# PROVIDED ENTRIES

********

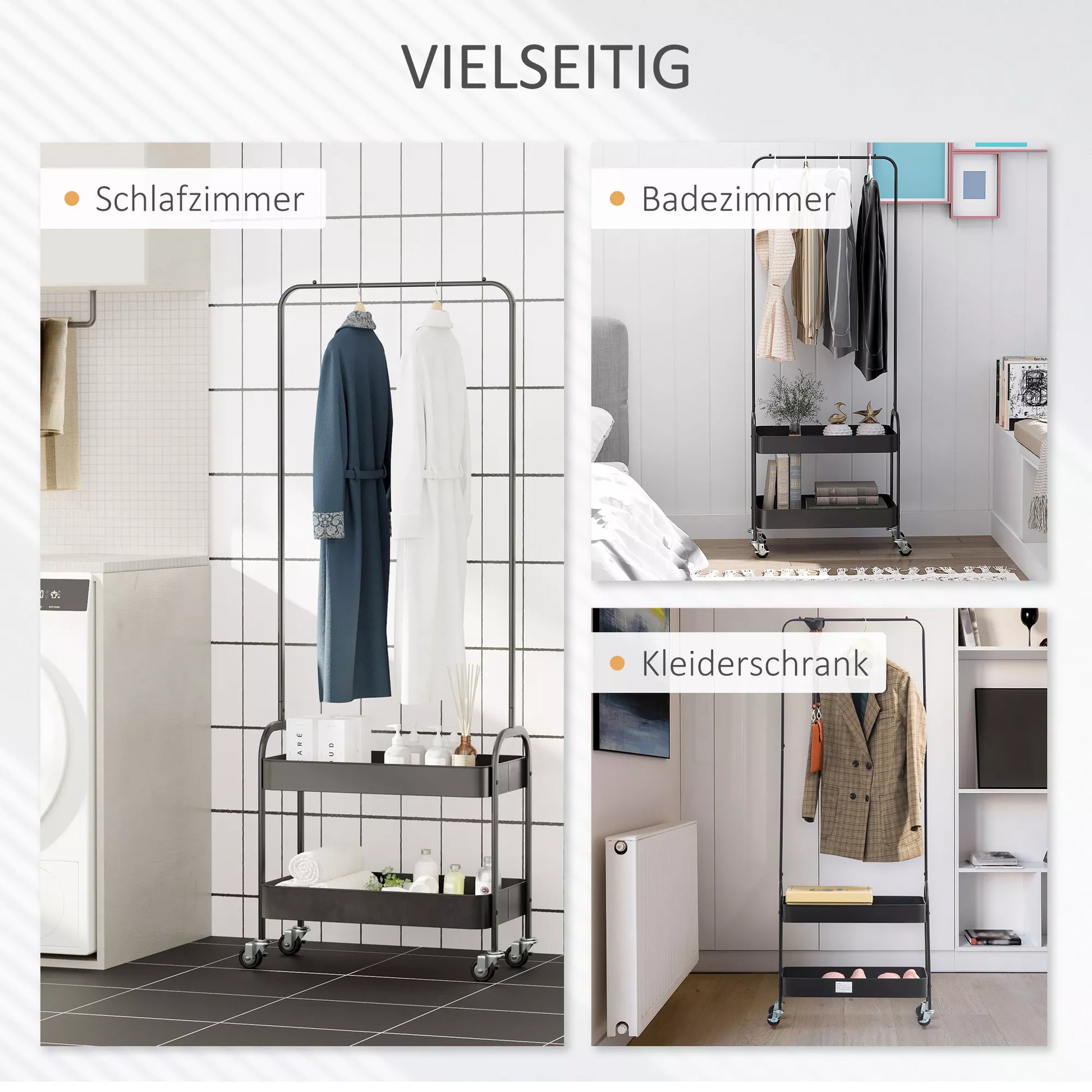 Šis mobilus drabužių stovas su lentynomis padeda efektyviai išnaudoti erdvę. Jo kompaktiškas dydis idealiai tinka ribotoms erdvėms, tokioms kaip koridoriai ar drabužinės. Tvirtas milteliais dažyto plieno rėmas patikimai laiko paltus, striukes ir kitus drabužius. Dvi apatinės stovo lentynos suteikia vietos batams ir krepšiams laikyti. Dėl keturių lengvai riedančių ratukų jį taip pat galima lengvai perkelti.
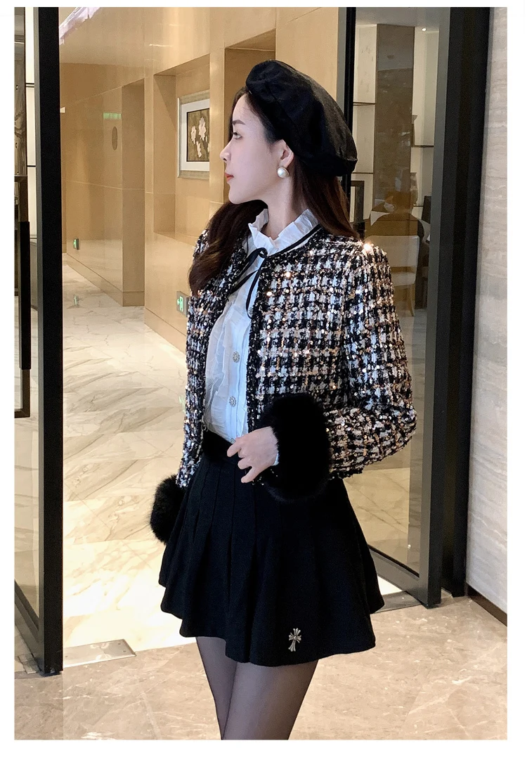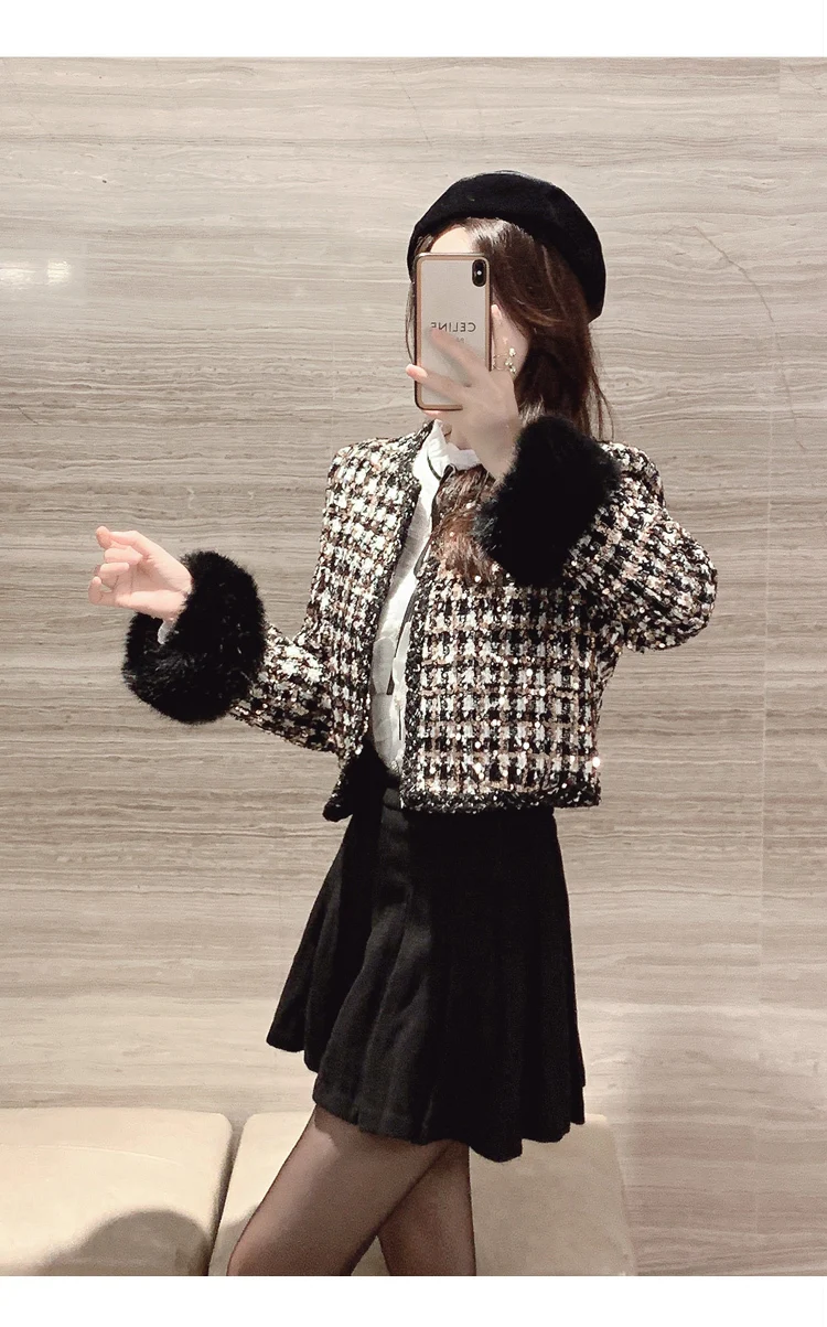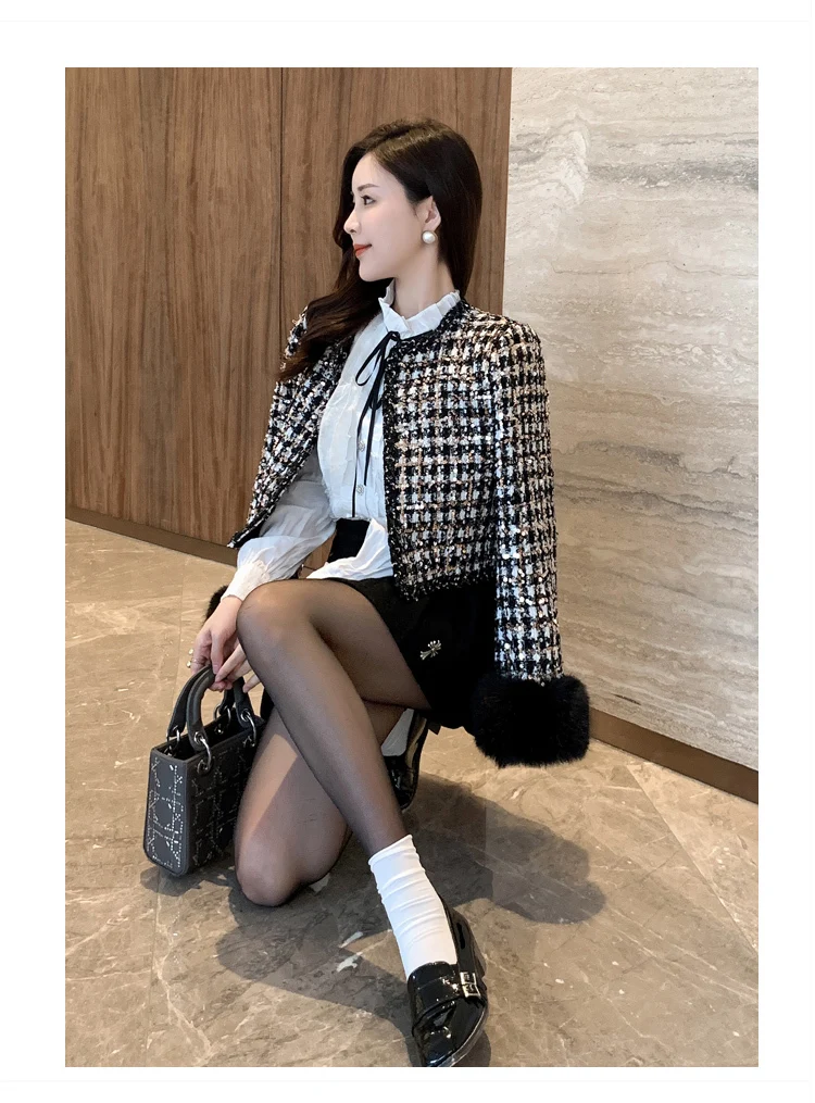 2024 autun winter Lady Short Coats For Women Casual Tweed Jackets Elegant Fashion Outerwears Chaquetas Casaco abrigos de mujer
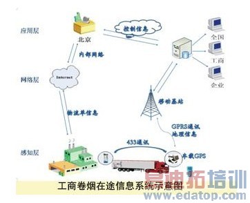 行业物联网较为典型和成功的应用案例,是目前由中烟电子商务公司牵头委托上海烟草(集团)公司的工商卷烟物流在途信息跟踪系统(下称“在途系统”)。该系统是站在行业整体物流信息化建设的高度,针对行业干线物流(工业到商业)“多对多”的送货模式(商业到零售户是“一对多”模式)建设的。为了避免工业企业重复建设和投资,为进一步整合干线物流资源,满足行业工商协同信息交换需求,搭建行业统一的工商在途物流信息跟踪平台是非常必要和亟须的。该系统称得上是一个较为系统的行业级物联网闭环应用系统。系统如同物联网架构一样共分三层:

********

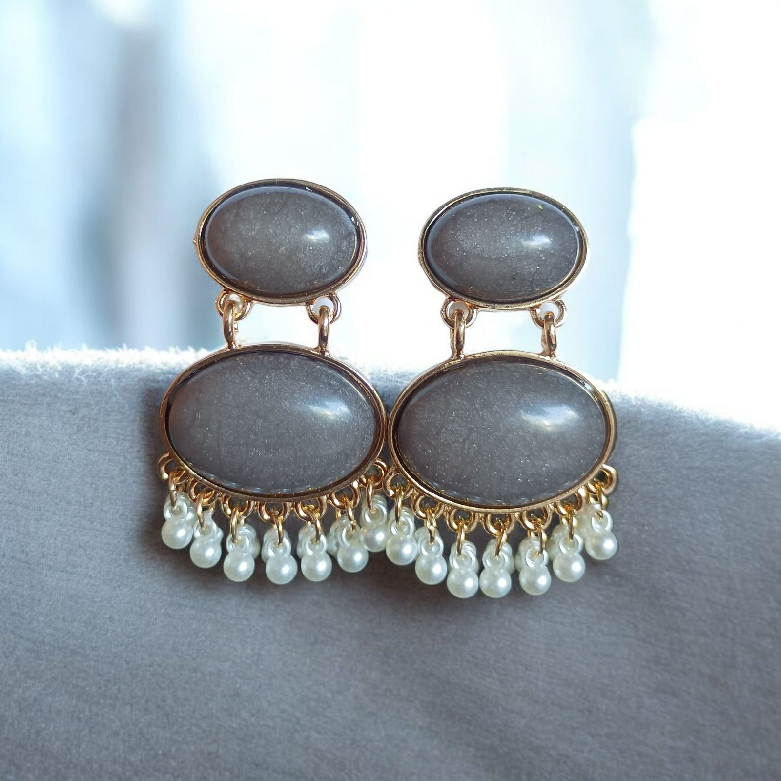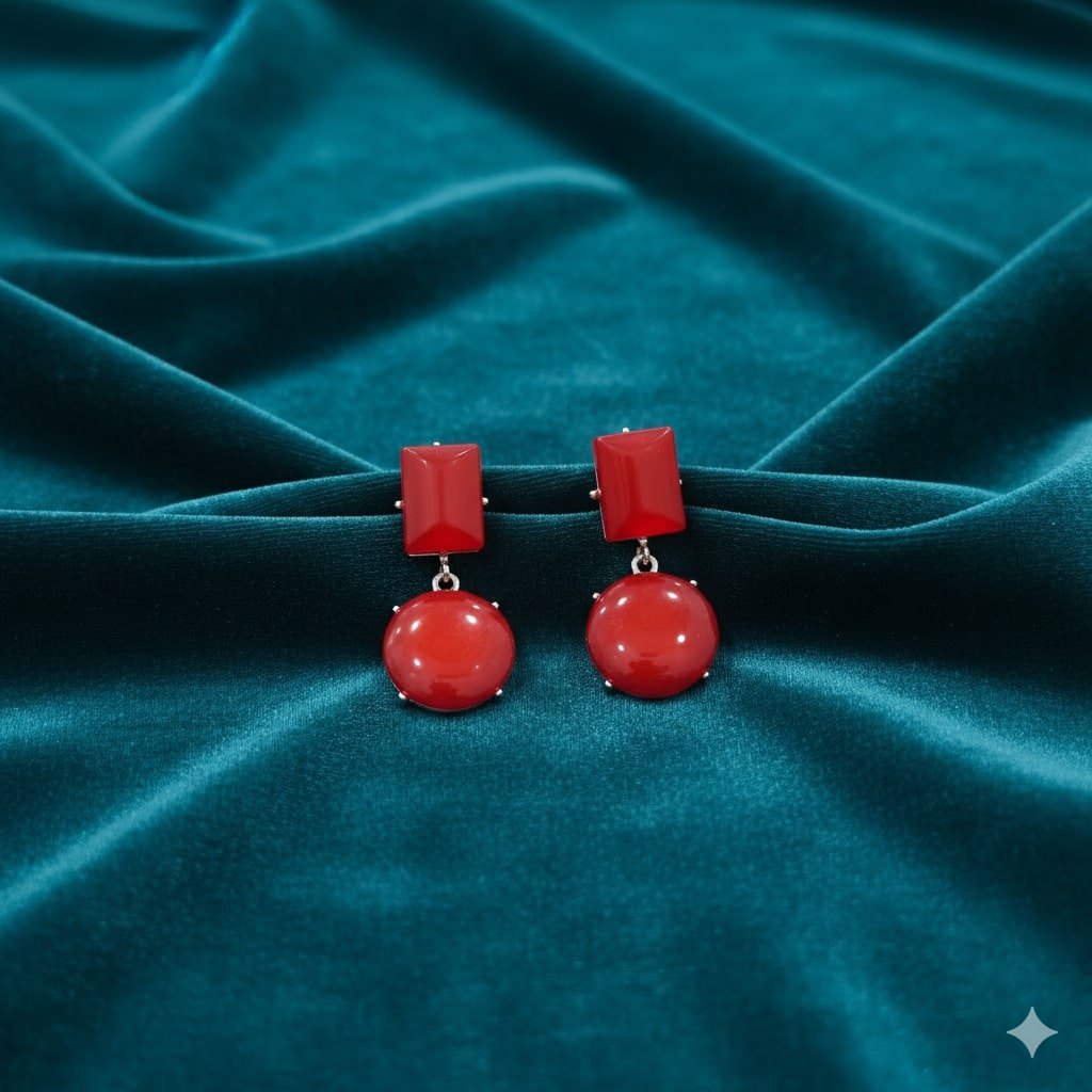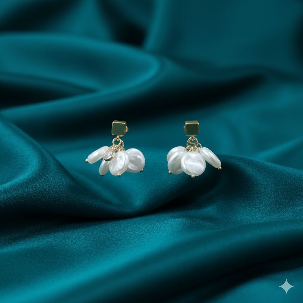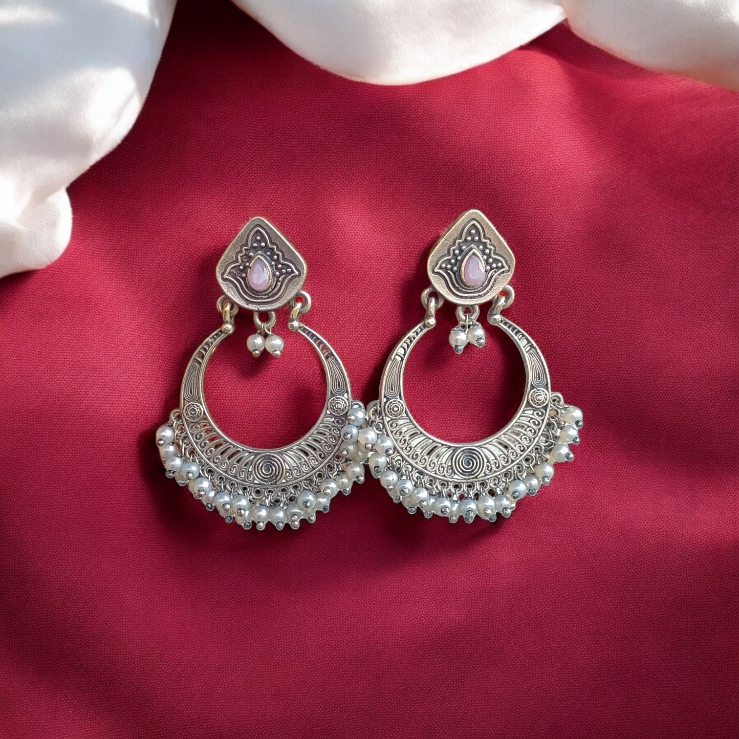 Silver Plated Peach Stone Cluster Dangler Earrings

********

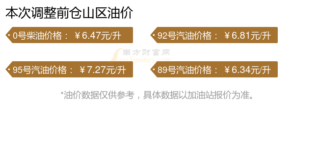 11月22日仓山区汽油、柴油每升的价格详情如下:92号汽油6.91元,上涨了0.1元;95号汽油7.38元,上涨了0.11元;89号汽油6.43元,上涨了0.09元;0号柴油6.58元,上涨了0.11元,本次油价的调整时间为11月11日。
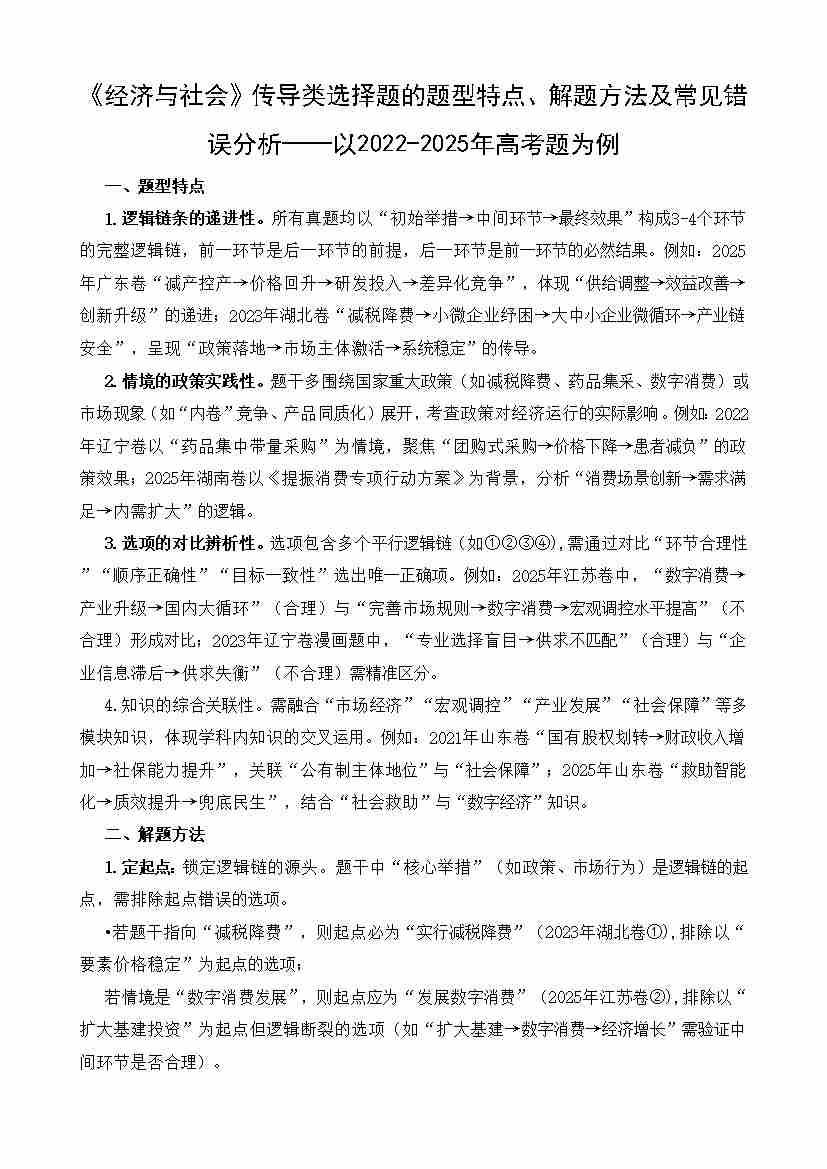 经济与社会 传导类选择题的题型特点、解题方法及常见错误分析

********

# WORK INSTRUCTION
From the records above, transcribe only the stretch from the line with "2024 autun winter" through the line with "行业物联网较为典型和成功的应", keeping both ends. Omit pictures.

# ANSWER BELOW
 2024 autun winter Lady Short Coats For Women Casual Tweed Jackets Elegant Fashion Outerwears Chaquetas Casaco abrigos de mujer
 行业物联网较为典型和成功的应用案例,是目前由中烟电子商务公司牵头委托上海烟草(集团)公司的工商卷烟物流在途信息跟踪系统(下称“在途系统”)。该系统是站在行业整体物流信息化建设的高度,针对行业干线物流(工业到商业)“多对多”的送货模式(商业到零售户是“一对多”模式)建设的。为了避免工业企业重复建设和投资,为进一步整合干线物流资源,满足行业工商协同信息交换需求,搭建行业统一的工商在途物流信息跟踪平台是非常必要和亟须的。该系统称得上是一个较为系统的行业级物联网闭环应用系统。系统如同物联网架构一样共分三层:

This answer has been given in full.